* _Exercise_: Each line below should be retyped exactly, with no pictures.

* _Input data_:
* * * *

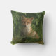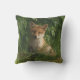 Pillow with a photograph featuring a cute little baby fox with red and white fur. Surrounded by lush green leaves and grasses.
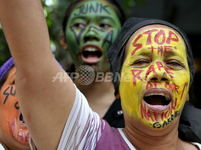 ニュース 政治・経済 マニラ、顔にペインティングを施して米軍に抗議 2008年2月23日 7:25 発信地:マニラ/フィリピン [ アジア・オセアニア フィリピン ] このニュースをシェア ‹ › ❮ 7/8 ❯ フィリピン・マニラ(Manila)郊外で、顔に抗議内容を記したペインティングを施し、フィリピン領内での米軍の活動に抗議する女性ら(2008年2月19日撮影)。(c)AFP/Jay DIRECTO 画像作成中 ! 【2月23日 AFP】フィリピンでは、今月18日から3月3日までの予定で、米軍とフィリピン軍による年に1度の合同軍事演習が行われている。この演習は米軍から約6000人が参加してフィリピン全土で行われるものだが、演習開始翌日の19日には、首都マニラ(Manila)郊外で住民らによる抗議活動も行われた。(c)AFP 政治・経済 一覧へ> メディア・報道関係・法人の方向け 写真・動画 購入のお問合せ>
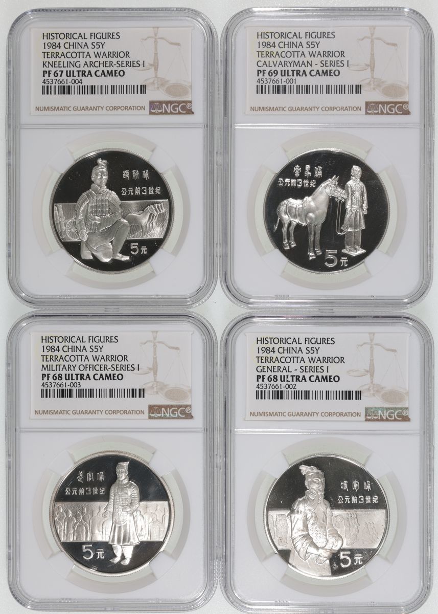 1984年中國歴史建築第一組-兵馬俑銀幣4枚一套,面額5元,NGC PF69, 68, 68, 67 Ultra Cameo

* * * *

* _Result of the task_:
 Pillow with a photograph featuring a cute little baby fox with red and white fur. Surrounded by lush green leaves and grasses.
 ニュース 政治・経済 マニラ、顔にペインティングを施して米軍に抗議 2008年2月23日 7:25 発信地:マニラ/フィリピン [ アジア・オセアニア フィリピン ] このニュースをシェア ‹ › ❮ 7/8 ❯ フィリピン・マニラ(Manila)郊外で、顔に抗議内容を記したペインティングを施し、フィリピン領内での米軍の活動に抗議する女性ら(2008年2月19日撮影)。(c)AFP/Jay DIRECTO 画像作成中 ! 【2月23日 AFP】フィリピンでは、今月18日から3月3日までの予定で、米軍とフィリピン軍による年に1度の合同軍事演習が行われている。この演習は米軍から約6000人が参加してフィリピン全土で行われるものだが、演習開始翌日の19日には、首都マニラ(Manila)郊外で住民らによる抗議活動も行われた。(c)AFP 政治・経済 一覧へ> メディア・報道関係・法人の方向け 写真・動画 購入のお問合せ>
 1984年中國歴史建築第一組-兵馬俑銀幣4枚一套,面額5元,NGC PF69, 68, 68, 67 Ultra Cameo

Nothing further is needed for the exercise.